Exercise inputs:
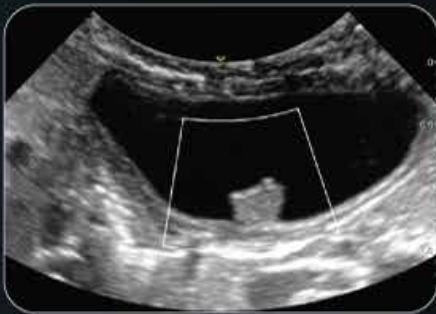
Canine Urology-Bladder Polyp
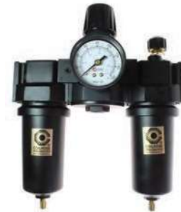
Filter, Regulator, Lubricator Trio
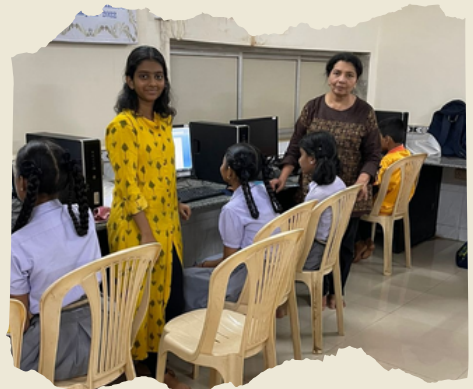
YUSUF MEHERALLY PROJECT
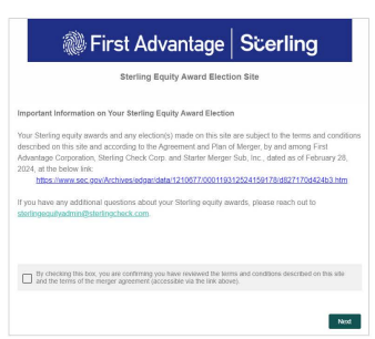
Screenshots are for Illustrative Purposes Only.
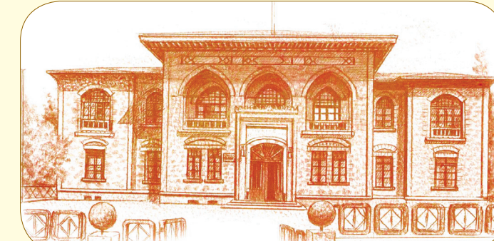
Turkish National Grand Assembly Building, Ankara

Activity: What you give back must match the entries exactly, apart from the omitted pictures.

Answer box:
Canine Urology-Bladder Polyp
Filter, Regulator, Lubricator Trio
YUSUF MEHERALLY PROJECT
Screenshots are for Illustrative Purposes Only.
Turkish National Grand Assembly Building, Ankara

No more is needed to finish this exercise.